95 groups ink agriculture unity statement

Published by rudy Date posted on May 29, 2021

By: Ernesto M. Ordoñez, Philippine Daily Inquirer, 29 May 2021

On May 14, a total of 95 private sector organizations held numerous consultations, then conducted a National Farmer–Fisherfolk Congress. They subsequently signed a “Unity Statement in Saving the Plunging Livelihood of Filipino Farmers and Fisherfolk and Addressing the Critical Situation of Philippine Agriculture and Food Security.”

On May 18-19, a number of these organizations participated in the government-sponsored 2021 National Food Security Summit which carried the theme “Food for Today and Beyond: Transforming Philippine Agriculture.”

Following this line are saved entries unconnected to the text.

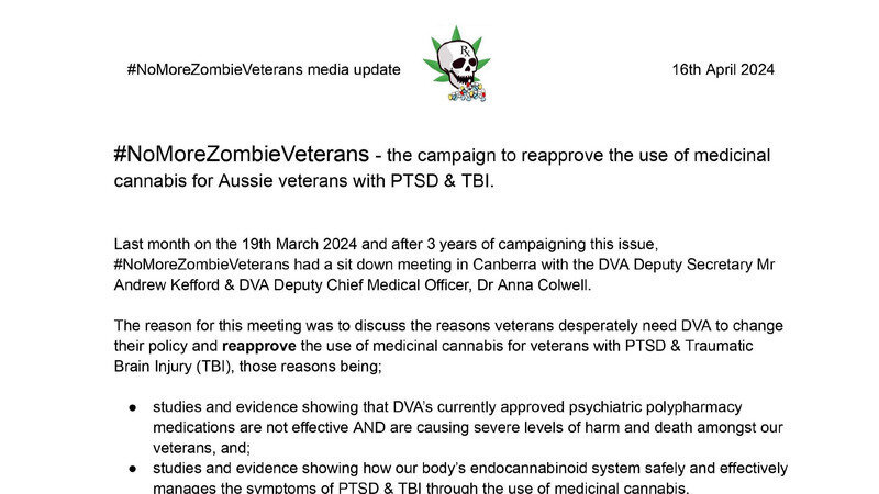 Last month the #NoMoreZombieVeterans campaign had a meeting with DVA to discuss the reasons veterans need medicinal cannabis reapproved as a treatment option for veterans suffering with PTSD & TBI.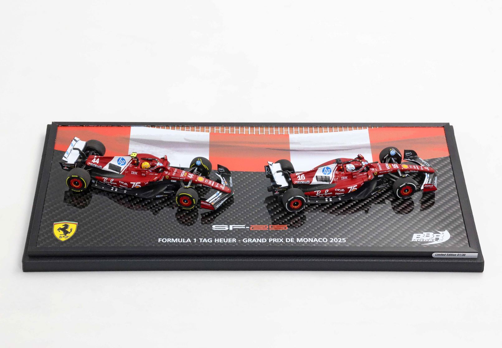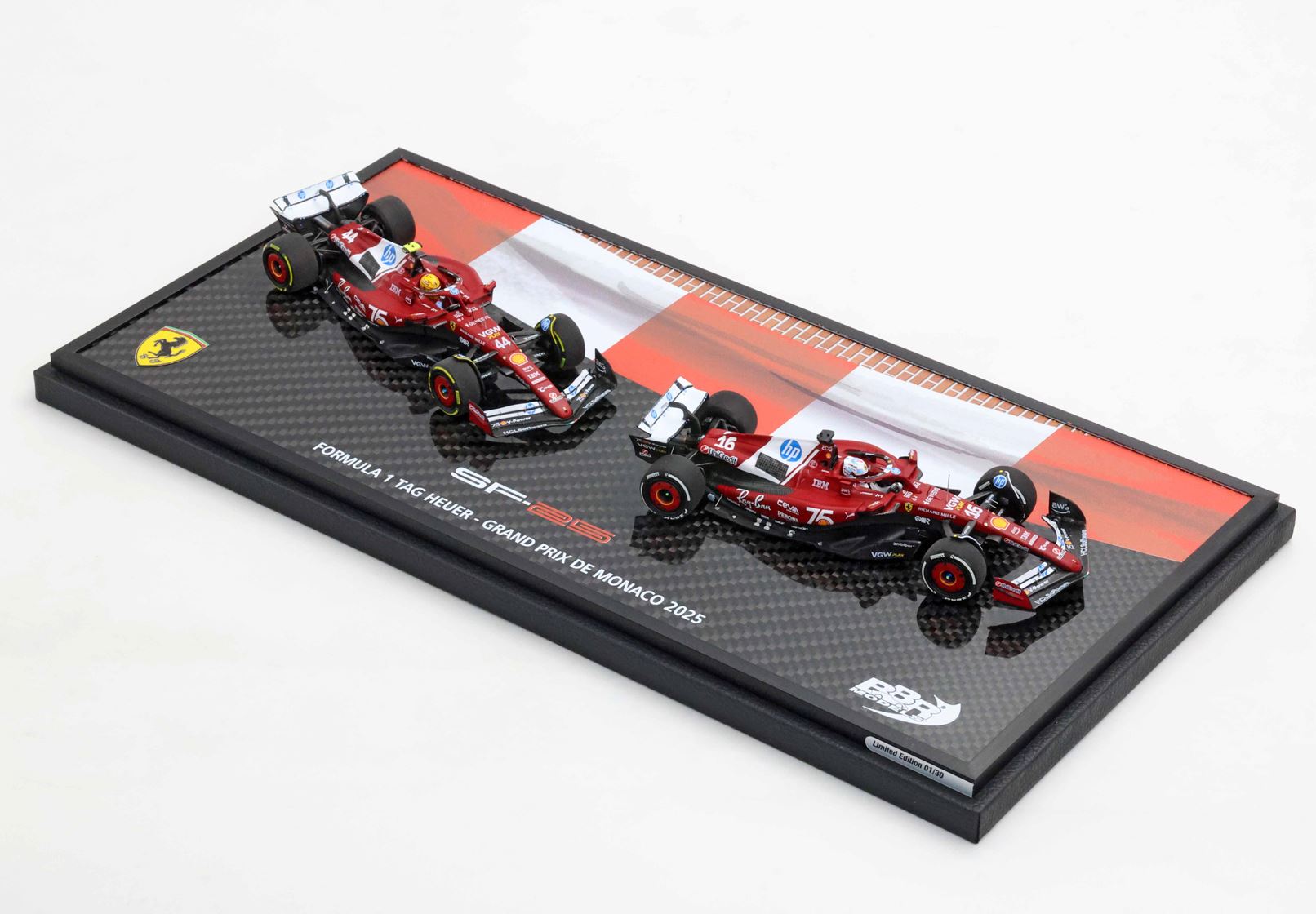 La monoposto SF-25 ha sfoggiato una grafica celebrativa dei 75 anni di partnership al Gran Premio di Monaco di questo fine settimana per commemorare l'evento.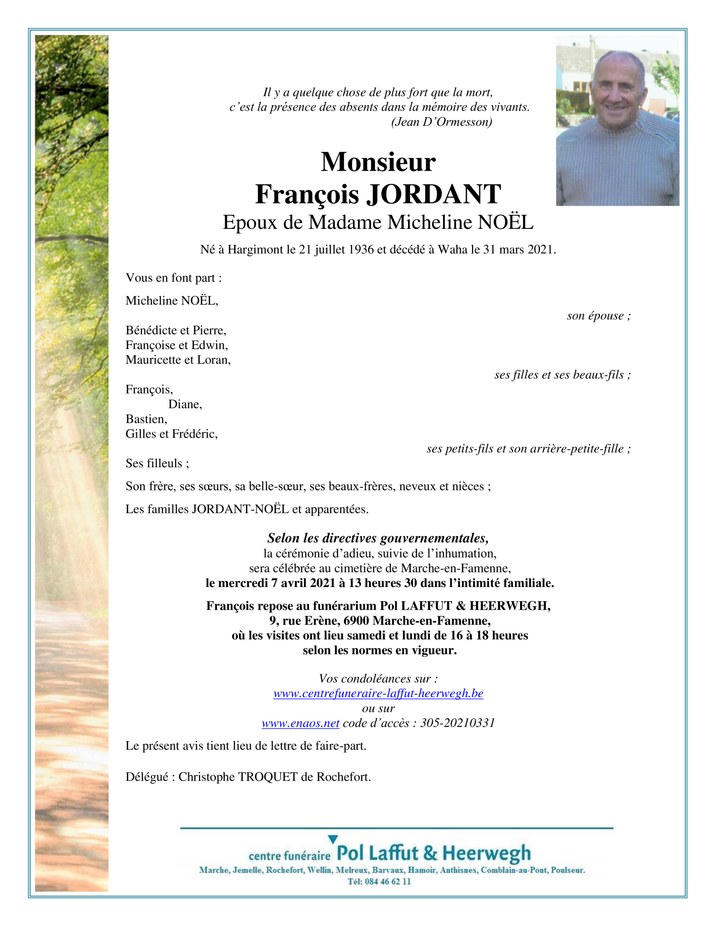 Décédé à Waha (6900) le mercredi 31 mars 2021 à l'âge de 84 ans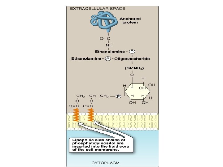 d. Being attached to a membrane lipid rather than being an integral part of the membrane) allows GPI-anchored proteins rapid lateral mobility on the surface of the plasma membrane. e. The protein can be cleaved from its anchor by the action of phospholipase C ﻣﻬﻤﻪ releasing diacylglycerol. f. A deficiency in the synthesis of GPI in hematopoietic ﺍﻟﺪﻡ ﺗﻜﻮﻳﻦ cells results in a hemolytic disease, paroxysmal nocturnal hemoglobinuria.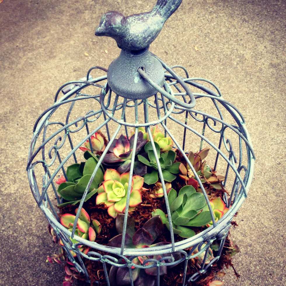 I used a kiwi aeonium as the focal point at the door of the birdcage.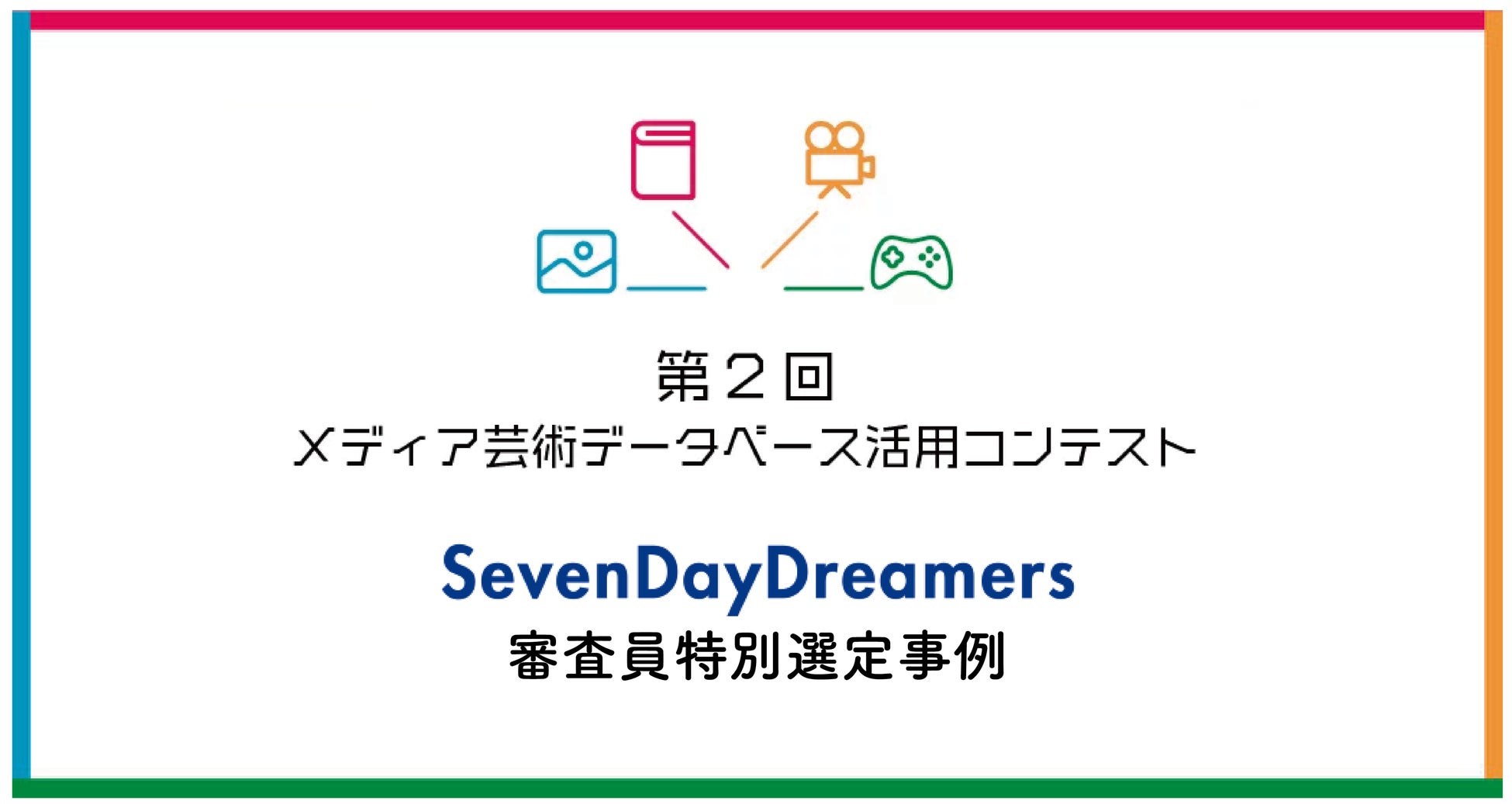 株式会社SevenDayDreamers(東京都葛飾区、代表取締役 湯通堂圭祐)は、文化庁が主催する「第2回メディア芸術データベース活用コンテスト」において、審査員特別選定事例に選ばれました。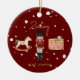 Dieses skurrile, rote Weihnachtsbaumdesign besticht durch eine KinderNutcracker-Szene, die mit einem Rockpferd, Drum-Set und einem Spielzeugsoldaten auf der Vorderseite mit Rockpferd und Imitate vervollständigt wird. Diese luxuriösen Kinder personalisierte Weihnachtsbaumdekoration ist mit einem goldenen rustikalen Skript eigenen Kindernamen und frohe Weihnachtsbotschaft vervollständigt.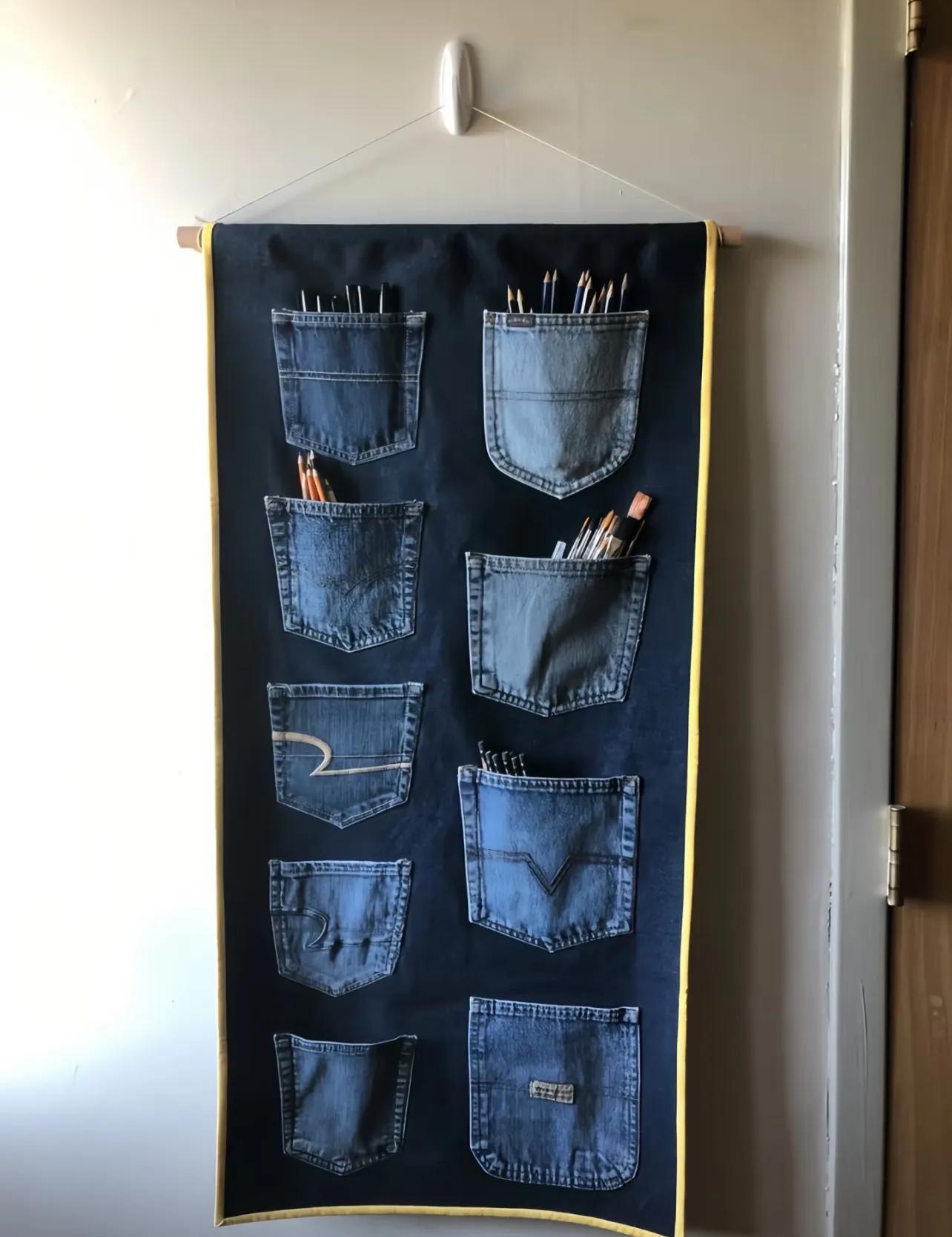 就普通的一塊布,廢棄牛仔褲多的,就直接把所有褲子口袋都拆下來縫上去;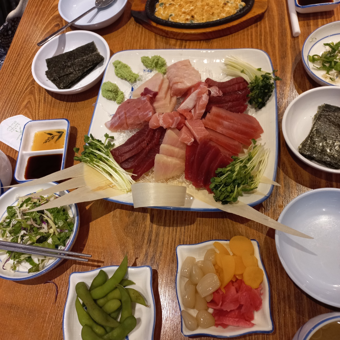 처음 한 접시를 먹고 두 번째로 리필해달라고 하니 한참을, 아주 한참을 기다린 후에 갔다줬다. 그 때부터 먹기 싫어졌다. 너무 느리게 갔다줬다. 그리고 다시는 리필을 시키지 않았다. 회가 원래 질려서 많이 먹지도 못하지만 굼뜨게 주문받는 자세가 먹는 기분을 상하게 만들었다. 나중에 보니 물도 안 갖다 줘서 옷 입고 가기 전에 물을 달라고 하고 서서 물을 마시고 나왔다. 서비스가 많이 떨어졌다. 외식을 하고 아주 기분 좋았다는 생각이 별로 안 들었다. 말이 무한 리필이지, 우리는 딱 한 번만 리필을 했다. 너무 늦게 갖다줘서 먹고 싶은 마음이 다 사라져 버렸다. 처음 상차림을 보고는 약간 들떴는데 느린 서비스와 약간 불친절한 태도가 불편했다. 친절까지는 아니더라도 기본적인 서비스 정신은 가지고 있었으면 좋겠다. 첫 접시는 맛있었는데 느린 태도에 두 번째 접시부터는 맛이 떨어진게 느껴졌다. 분명 첫 접시와 같은 참치회일텐데 말이다. 두 번째 접시가 오기까지 아무 음식도 없이 한참을 멀뚱멀뚱 기다리는 동안 마음에서는 X자를 그리고 있었다 . 그때부터 먹을 맛이 이미 떨어져버린 것이다.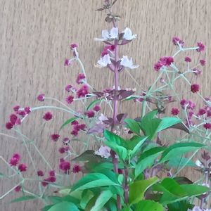 庭のお花を切り花で楽しんでいます🎶 花持ちがいいので嬉しいです 台湾バジル 九層塔 検索したら台湾バジルと出ました 千日小坊 小さな小さなお花です
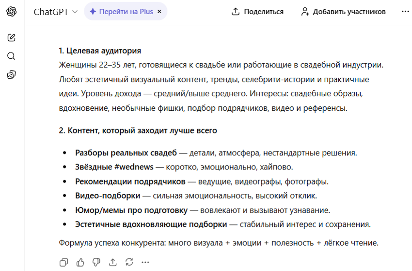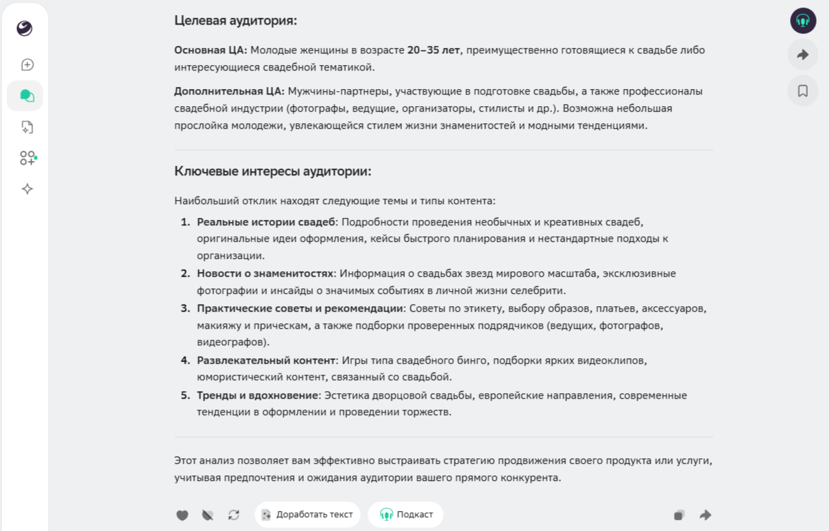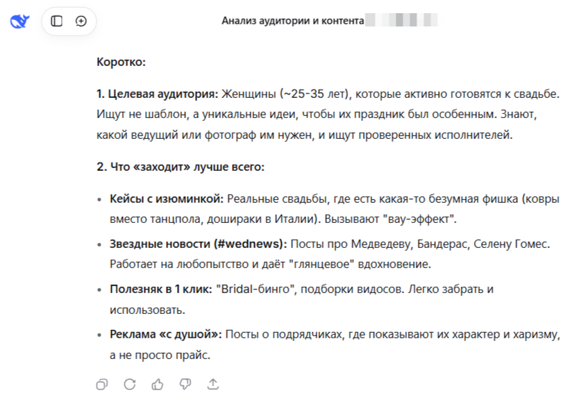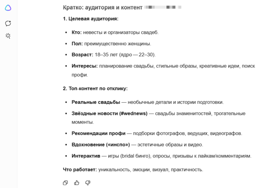 - все нейросети выделили ключевые темы для вовлечения: разборы реальных свадеб, новости о знаменитостях и рекомендации подрядчиков;

When a farmer leader was asked why a separate Congress was held when there was already a planned Summit, he replied: “The Summit’s plenary speakers were mostly economists, with no farmer or fisherfolk leader speaking. We were afraid our voices would not be heard. Nevertheless, many of us participated and submitted our Congress’ recommendations for Summit consideration. Since we are the ones who produce our food, we could not afford to be ignored.”

In this article, we will take up key points from the Farmer- Fisherfolk Congress. Next time, we will discuss the benefits of the Food Security Summit and how it addressed some of the issues raised by the Congress. The good news is the Summit synthesis delivered by Coalition for Agriculture Modernization in the Philippines chair Emil Javier offered good directions consistent with key recommendations from the Farmer-Fisherfolk Congress. Whether these directions will be Nato (No action, talk only), or result in the transformation the Summit had promised will depend on our attitude. If we are skeptical and expect nothing, both the Congress and the Summit will be failures. But if we unite, we will achieve the success our agriculture needs.

Here are important quotes from the Farmer-Fisherfolk Congress Unity statement:

Current situation: “Farmers, fisherfolk, individuals and children residing in the rural area post the highest poverty incidences. Interventions did not change the unfavorable system to farmers and fisherfolk—mostly addressing the supply in the market while poorly addressing the development of local producers.”

Production cost: “The cost of production is high because of lack of vision and programs to develop the local agriculture and fisheries sector. Agriculture products entering the Philippines competing with our local products are highly subsidized by their respective governments, virtually putting a death sentence to the local agriculture and fisheries sectors.”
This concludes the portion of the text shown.